* [WHAT THE EXERCISE ASKS] Return the following lines and nothing else: the one holding "The measurement of" and all those after it in the records below, unchanged, minus any pictures.

* [EXTRACTED DATA]

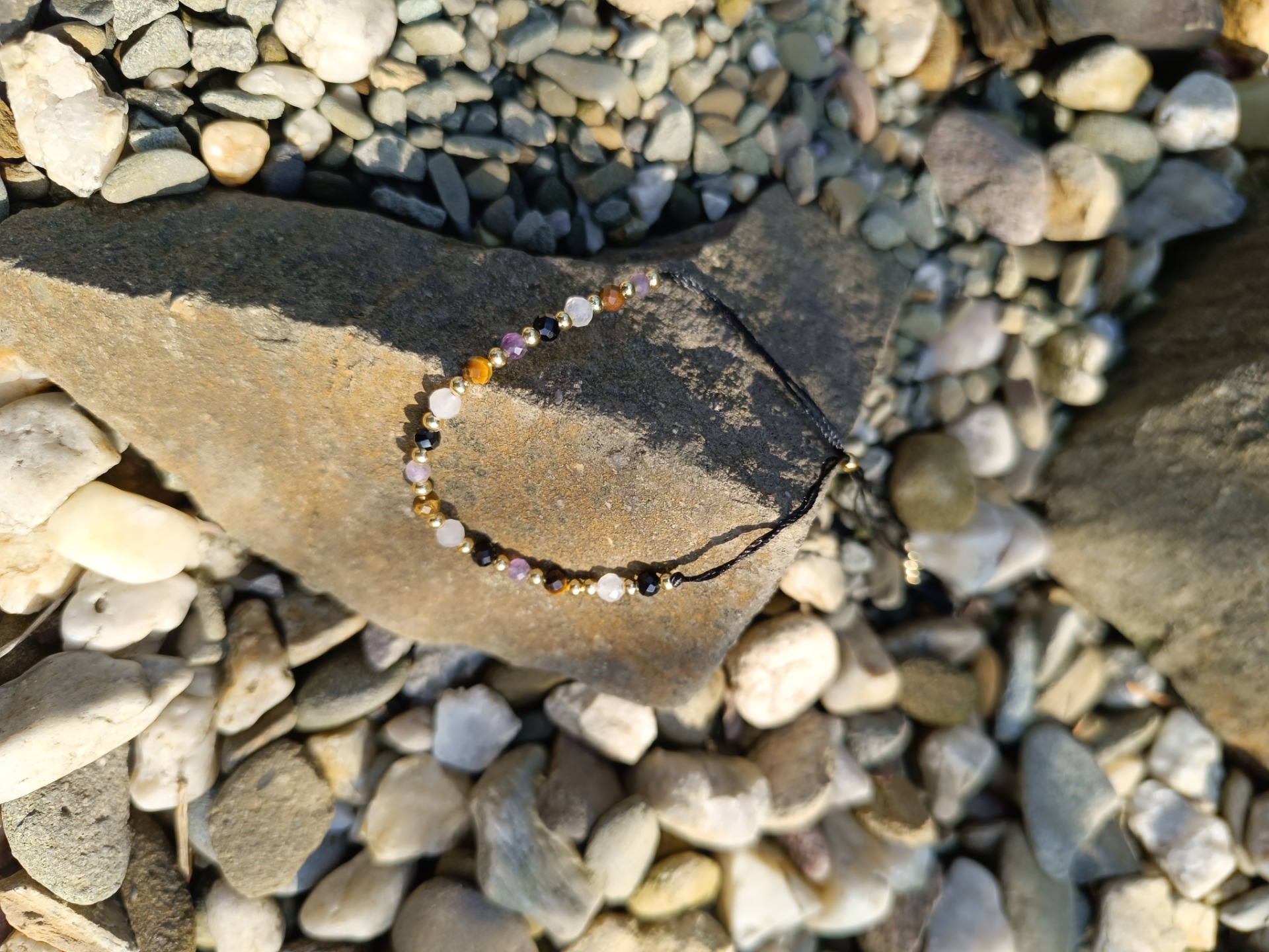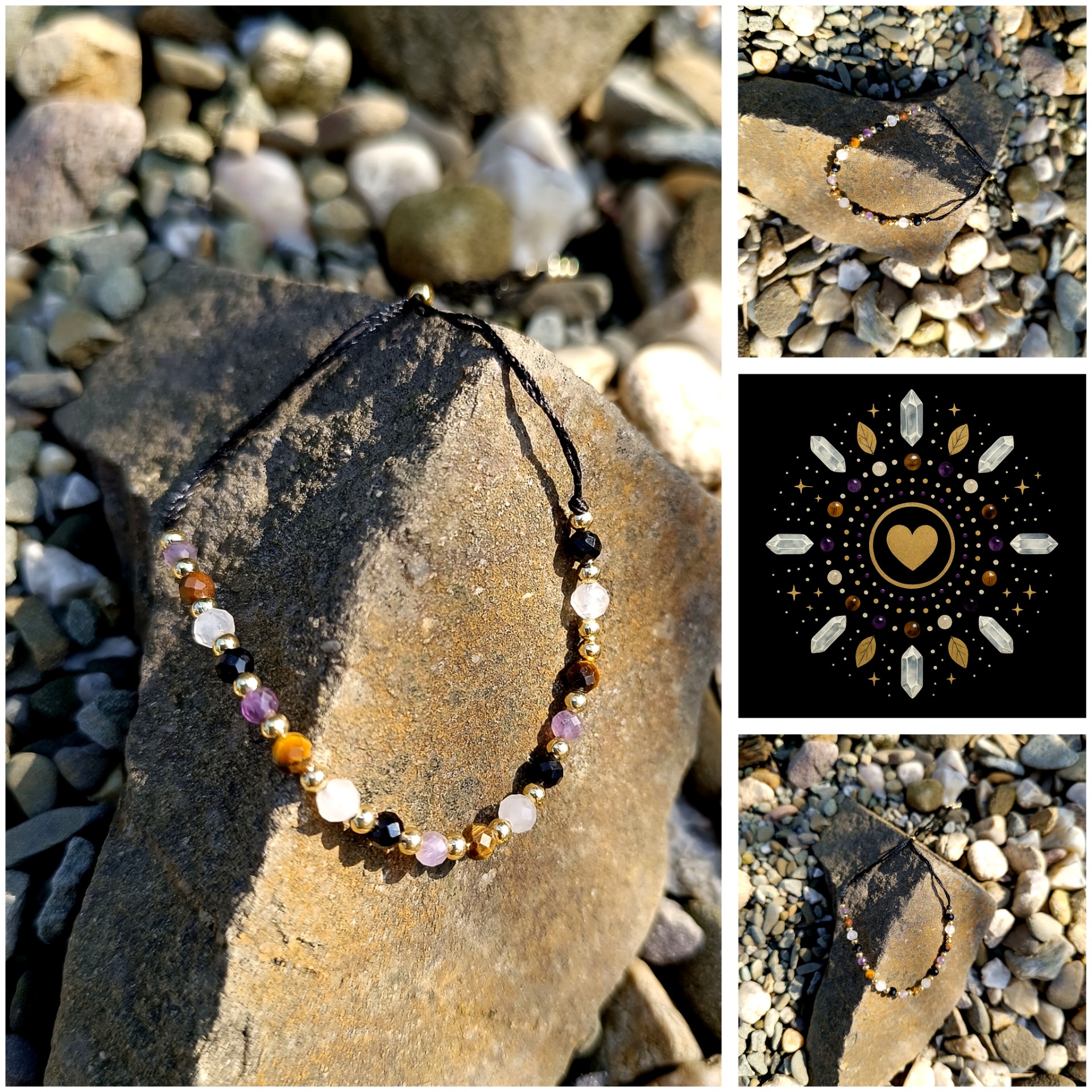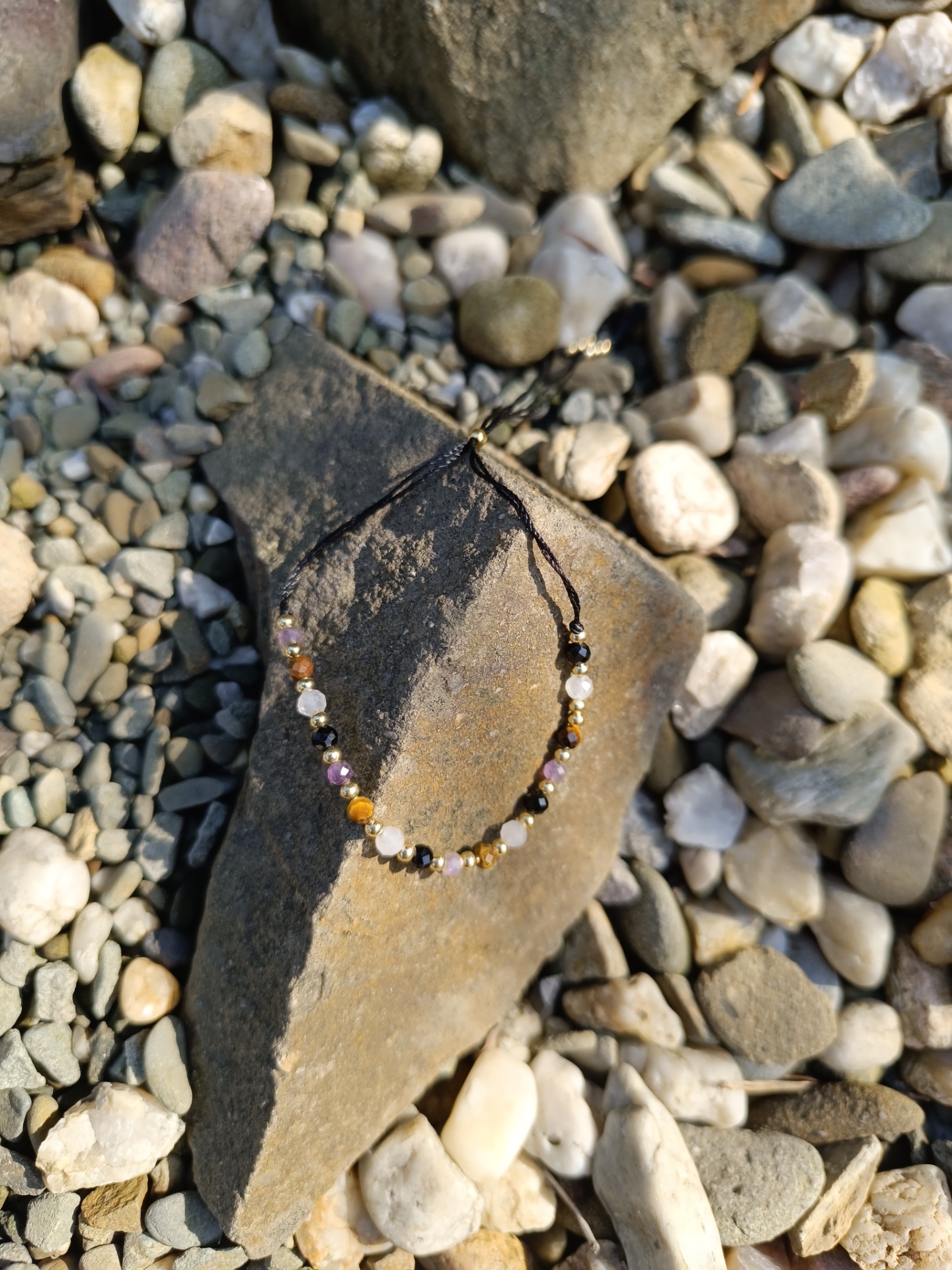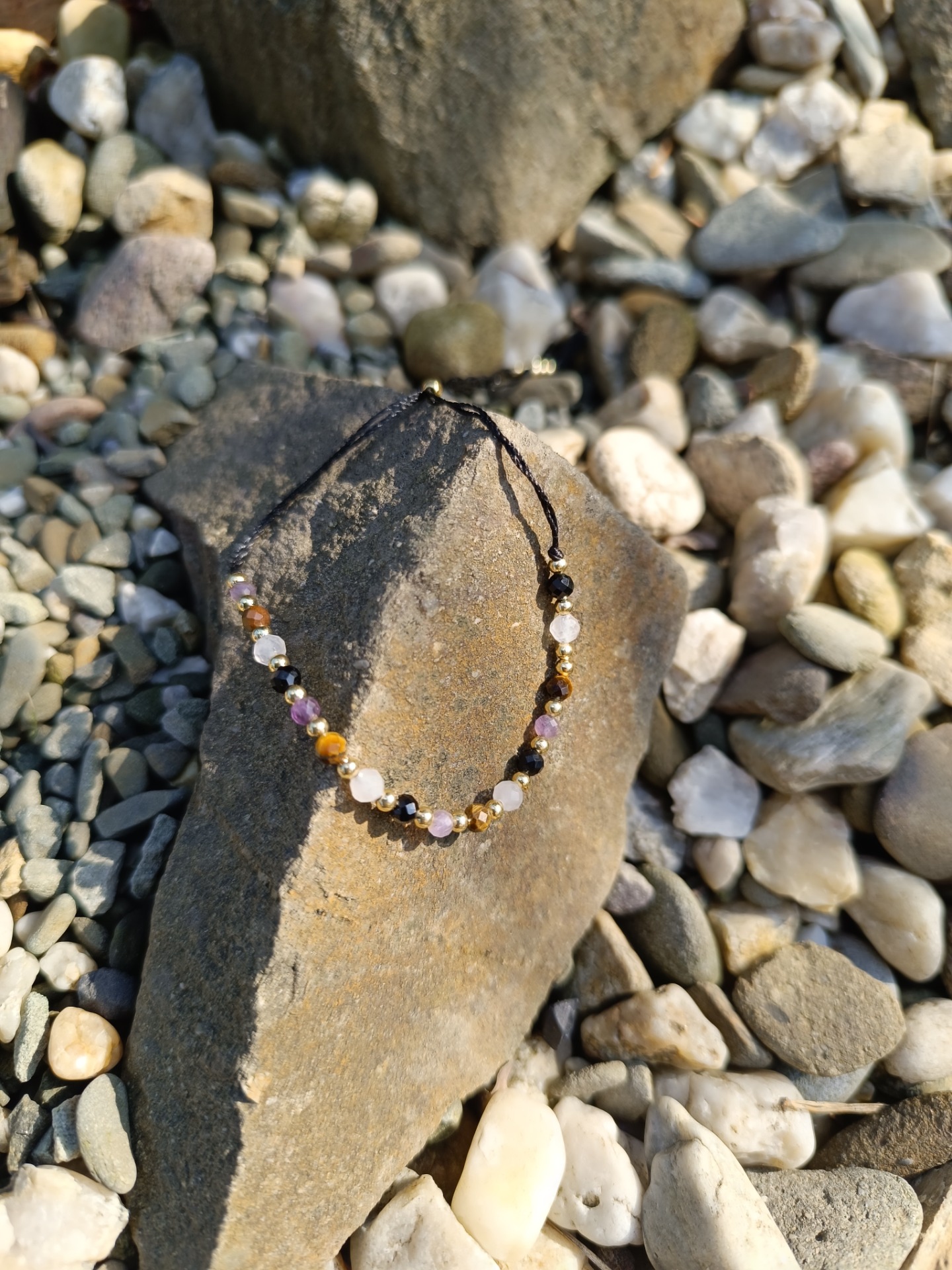 Ručně vyráběný náramek z přírodních minerálů, který v sobě spojuje ochrannou energii, vnitřní klid a posílení odvahy.
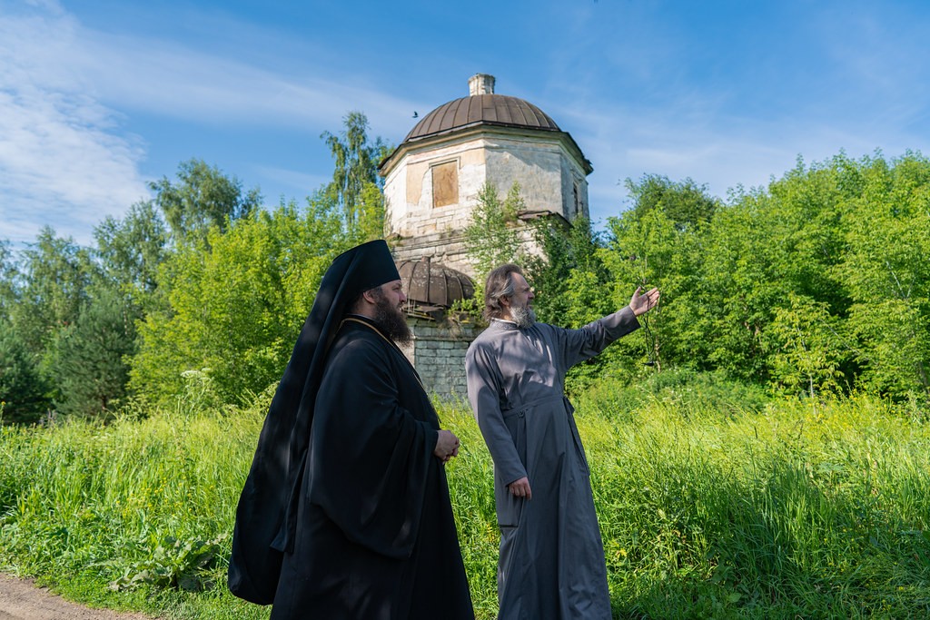 Священноархимандрит обители в сопровождении наместника Старицкого Успенского монастыря игумена Дамаскина (Леонова) осмотрел общее состояние церкви, встретился с хозяином дома, который находится рядом с храмом. Сергей Чуркин, местный житель, охранял храм в течение нескольких лет и многое, что было в его силах, сделал для приведения в порядок территории храма. Владыка поблагодарил его за неравнодушное отношение к Дому Божию.
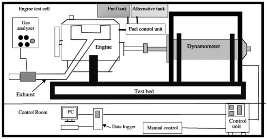 The measurement of the emissions of CO, HC, and NOx from the engine was performed employing the exhaust gas analyzer (model is MAHA MGT5, made by German company MAHA). The test set up is schematically shown in Figure 1.
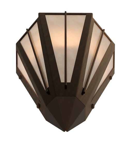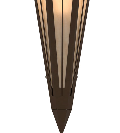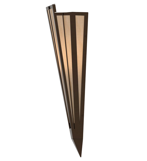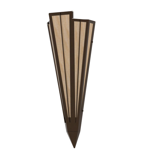 Beige Art Glass is transformed into cool abstract lighting design similar to the famed deco designs showcased in Classic Hollywood theaters. This extraordinary V-shaped sconce is complemented with decorative accents and hardware featured in a Timeless Bronze finish. Ideal for foyers, corridors and other interiors in homes, home theaters, resorts, hotels and restaurants. Handcrafted by highly skilled artisans in our 180,000 square foot manufacturing facility in Yorkville, New York. Custom colors, styles and sizes are available. Dimmable energy efficient lamping options offered. UL and cUL listed for damp and dry locations.
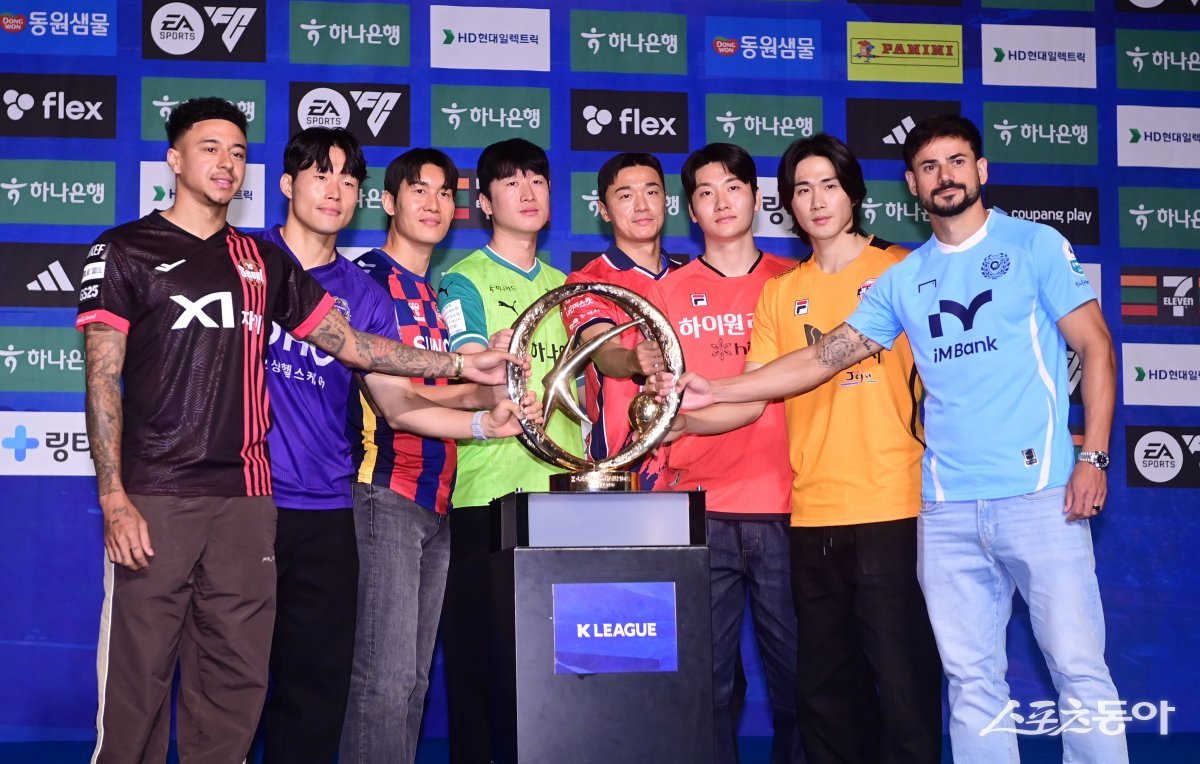FC서울 린가드, FC안양 이창용, 수원FC 이용, 대전 하나 이창근, 김천 상무 김민덕, 강원FC 김동현, 제주SK FC 김주공, 대구FC 세징야가 13일 서울 서대문구 홍은동 스위스그랜드호텔에서 열린 ‘K리그 1 2025 개막 미디어데이’에서 주현희 기자 teth1147@donga.com

* [OUTPUT FOR THIS EXERCISE]
 The measurement of the emissions of CO, HC, and NOx from the engine was performed employing the exhaust gas analyzer (model is MAHA MGT5, made by German company MAHA). The test set up is schematically shown in Figure 1.
 Beige Art Glass is transformed into cool abstract lighting design similar to the famed deco designs showcased in Classic Hollywood theaters. This extraordinary V-shaped sconce is complemented with decorative accents and hardware featured in a Timeless Bronze finish. Ideal for foyers, corridors and other interiors in homes, home theaters, resorts, hotels and restaurants. Handcrafted by highly skilled artisans in our 180,000 square foot manufacturing facility in Yorkville, New York. Custom colors, styles and sizes are available. Dimmable energy efficient lamping options offered. UL and cUL listed for damp and dry locations.
FC서울 린가드, FC안양 이창용, 수원FC 이용, 대전 하나 이창근, 김천 상무 김민덕, 강원FC 김동현, 제주SK FC 김주공, 대구FC 세징야가 13일 서울 서대문구 홍은동 스위스그랜드호텔에서 열린 ‘K리그 1 2025 개막 미디어데이’에서 주현희 기자 teth1147@donga.com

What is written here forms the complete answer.